All system buyers want to have their hardware configured to precisely run their software stacks as efficiently as possible. It makes no sense to overprovision machines with distributed workloads because extra processing power, memory, or storage is wasted capital. At hyperscale datacenters, the hardware is literally designed and tuned along with software, and the companies have so few workloads that they only need a few different makes and models of machines to support their workloads. This is less true with supercomputing centers, which tend to have a larger number of workloads, and it is certainly not true of large enterprises, which typically have thousands of workloads and therefore need a wider variety of iron to support them. Trying to engineer a set of systems that can span all of these diverse needs is tricky, and that is precisely what the PowerEdge FX line is trying to do.
"Rack and blade servers are used in the enterprise, and they have their strengths and weaknesses," explains Brian Payne, vice president of platform marketing, who gave EnterpriseTech a preview of the machines from Dell's New York offices. While rack servers are still the preferred form factor for hyperscale operators and are also the dominant form factor for the enterprise, they do not have density and cable aggregation, and they are not as compact or power-efficient as the same amount of compute crammed into a blade chassis. While blade servers have these features, the integrated networking and management in the blades as well as redundant features make them an inappropriate choice for both hyperscale and HPC uses who are extremely sensitive to overall cost, and moreover, you can't start out small with a blade server and match the low per-node cost of a rack server. "And with hyperscale workloads, the ability to support lots of disks inside the server is critical."
With modern distributed workloads, such as Hadoop analytics, NoSQL data stores, virtual server stacks and clouds, and even hyperconverged platforms that turn clusters into virtual storage area networks as well as compute farms, the need to have local storage on the node that is both fast and compact is increasingly important. The FX architecture that Dell is rolling out blends the best bits of rack and blade servers and also borrows from some of those custom system designs from the DCS unit to create a modular system that can meet that wide variety of needs.
The PowerEdge FX2 system is the first in the line, and it starts with a 2U rack enclosure that is the standard form factor for most machines in the enterprise. The FX2 chassis supports multiple processor and storage sleds, which slide into the chassis as well as switch modules for those who want to have integrated switching link a blade and passthrough units if they don't like a hyperscale setup. Depending on the scale of the nodes themselves in terms of how many processors they can pack into a single system image and what kind of processors are used, the FX2 chassis can have two, four, or eight sleds and from two to sixteen nodes in that 2U enclosure.
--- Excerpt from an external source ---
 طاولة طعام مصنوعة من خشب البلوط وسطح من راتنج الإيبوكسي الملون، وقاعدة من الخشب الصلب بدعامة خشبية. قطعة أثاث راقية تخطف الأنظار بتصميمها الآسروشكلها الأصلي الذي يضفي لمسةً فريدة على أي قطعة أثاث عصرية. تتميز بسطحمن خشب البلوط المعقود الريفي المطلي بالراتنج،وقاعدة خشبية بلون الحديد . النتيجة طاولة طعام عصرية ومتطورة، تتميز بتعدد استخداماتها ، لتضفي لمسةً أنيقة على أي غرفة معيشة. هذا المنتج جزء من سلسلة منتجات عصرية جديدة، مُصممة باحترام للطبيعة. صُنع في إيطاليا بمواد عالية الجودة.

This is considerably more density than Dell is able to offer with its PowerEdge M1000e series of blade servers. (We will get into that in a moment.)
Dell has four different server sleds and a DAS storage module in the initial PowerEdge FX2 configurations, and these will meet the needs of a lot of different workloads. Significantly, Dell is adopting 1.8-inch SSDs as an option for local storage in some of the compute nodes, which allows them to have a certain amount of local storage that is fast and may, in some cases, obviate the need for the DAS trays in the first place. The IO Aggregator, a flexible network I/O that gets rid of multiple network interfaces, mezzanine cards, and switches in the PowerEdge M series blade chassis has been converted into a sled as well as can be used to aggregate and virtualize networking between the server nodes in the PowerEdge FX2 chassis and the outside world.
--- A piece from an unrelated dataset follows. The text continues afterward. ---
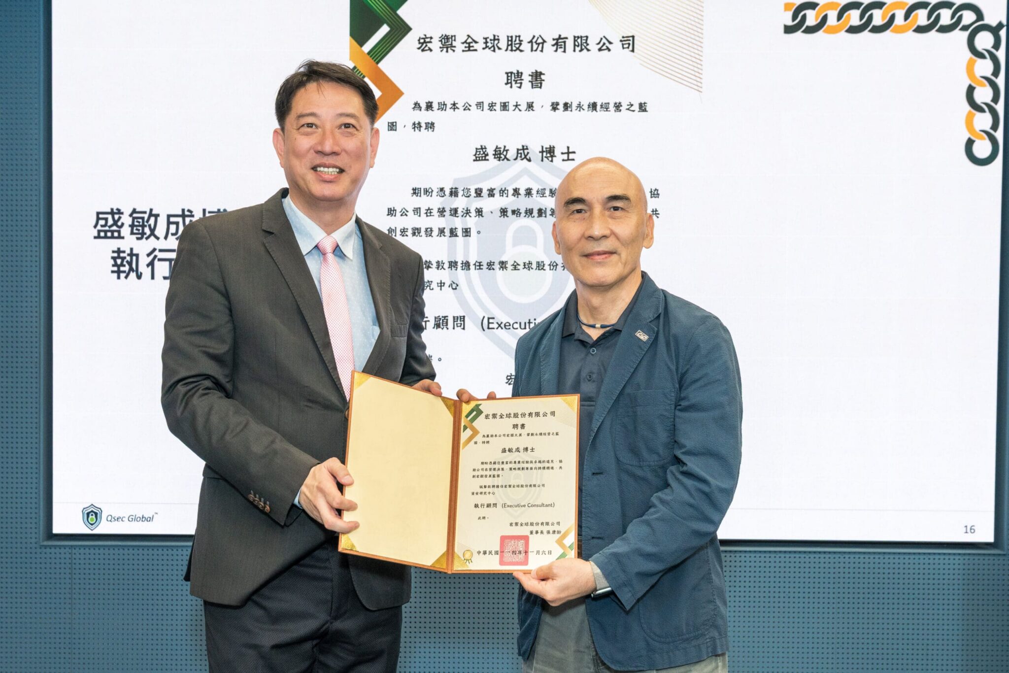 張康齡總經理親自頒授聘書予 盛敏成博士,聘任其為宏禦全球執行顧問,象徵企業在策略布局與技術研究雙向強化的重要一步。

The FX2 chassis comes with 1,100 watt or 1,600 watt power supplied and they can be configured in 1+1 redundant or non-redundant supplies. The enclosure has room for two passthrough modules, which can support either 1 Gb/sec or 10 Gb/sec Ethernet. The chassis has eight PCI-Express 3.0 expansion slots, which are shared by the nodes using an integrated PCI-Express switch. (There are two versions of the FX2 enclosure: the plain vanilla FX2 does not have PCI-Express expansion slots while the FX2s (little "s" added) enclosure does have these slots. There are eight hot-swappable fans in the back of the enclosure that pull air through the system to keep it cool.
The system has a Chassis Management Controller with a graphical user interface that manages all of the components in the system from a single web console and that snaps into Dell's existing OpenManage tools. Each node in the enclosure has an iDRAC8 "lifecycle controller" rather than having one for all nodes tucked into the back. The server nodes plug into a midplane for electric power and network and external peripheral connectivity rather than trying to cram all of this onto each node. This way, you can have high-speed peripherals even with very skinny, quarter-width server trays. The compute density is separated from the I/O density, which is what everyone is talking about when they say we need to disaggregate the components of the server to improve it.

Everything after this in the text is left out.